What They Want versus What YOU THINK They Want

Have you ever bought a gift for someone that you thought the person would love that got a lukewarm reaction? Have you ever cooked a special meal for someone that you thought the person would rave about that ended it being half-eaten? Have you ever told a joke that you thought the group would find hilarious that resulted in groans?

We have all made miscalculations where something we put forth lays an egg. We put things out there with good intentions, but sometimes the reaction is not what’s hoped for.

When this happens, what should you do? I think the two main choices are: change your approach or quit trying. I would suggest you quit trying only in extreme circumstances. Or when what you’re delivering is so radical that it’s avant garde.

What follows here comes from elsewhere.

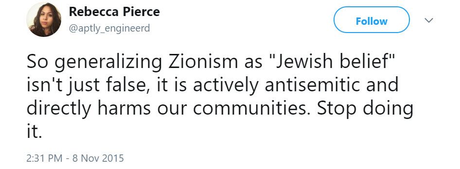 On November 8, 2015, Pierce tweeted: “So generalizing Zionism as ‘Jewish belief’ isn't just false, it is actively antisemitic and directly harms our communities. Stop doing it.”

One way to change your approach is to tailor your offerings (gifts, meals, jokes, work, etc.) to the wants of the other party. Of course, determining the wants of the other party is not always easy. For instance: you say to your spouse or friend, “What toppings do you want on the pizza?” They say, “I don’t care.” Then, when they open the box and find pineapple and anchovies, they say, “WTF?”

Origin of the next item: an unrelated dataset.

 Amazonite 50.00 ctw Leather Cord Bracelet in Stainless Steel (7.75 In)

In the business world, trial and error works sometimes. But generally, a bit of research is called for. Ask the questions that will give you the answers you need. Listen and observe diligently. If your best client or customer happens to mention she’s turned vegan, don’t give her a cheese and sausage gift pack for Christmas. If a prospect tells you he doesn’t open emails with attachments, send your proposal as the body of the email, not as a Word file or PowerPoint.

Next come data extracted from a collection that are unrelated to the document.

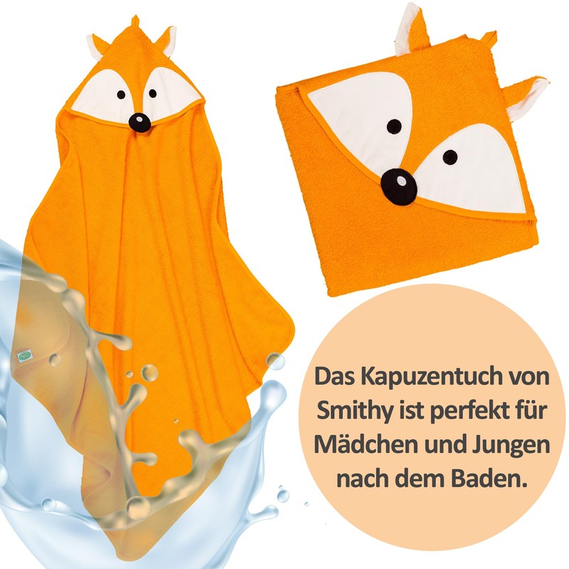 Smithy Hooded Towel Baby Fox with Ears, 100 x 100 cm, Hooded Bath Towel for Newborns, Boys and Girls
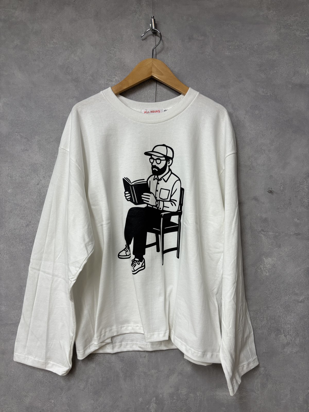ALL HOURS 6.0oz MIDI WEGHT L/S TEE BOOK LOVER A.WHITE サイズ;1
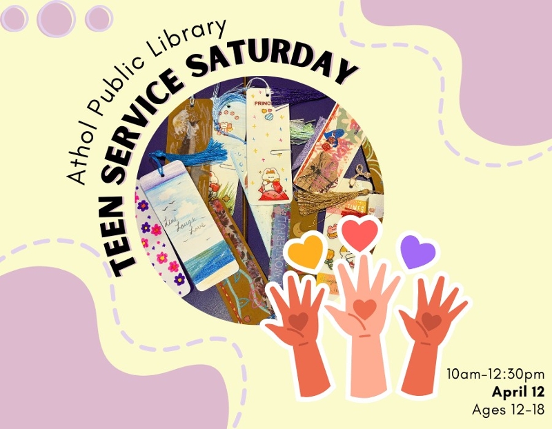 On Saturday, April 12, join us at the Athol Public Library's Teen Space for Service Saturday. We'll be joining forces to decorate bookmarks to share with our community. All teens, ages 12 -18, are invited to drop by for as long as you can between 10:00am and 12:30 to join us. No registration is required to attend, but we ask that you sign in when you arrive if you are hoping to have volunteer hours verified.

If you are a creative person, stay creative. Do work that pleases you, work you can be proud of. But try to determine what will work to accomplish your purposes (and those of your client or customer). Don’t take it personally when something you poured great effort into gets shot down. This happens to creative people all over the world, every day.

You will have experiences where you deliver just exactly what is wanted and called for—and for some reason it does not connect or does not work out. Think of all the scripts in Hollywood that writers wrote years ago that are great but have never been produced, for whatever reason.

Most of us will continue to produce some work that, for one reason or another, is not given the “thumbs up” we desire. Maybe it needs a small revision. Maybe you need to blow it up and start over. Make stronger efforts to have a good idea what is wanted and needed. Sometimes such guidance can paint a clear path. But not always. Keep trying.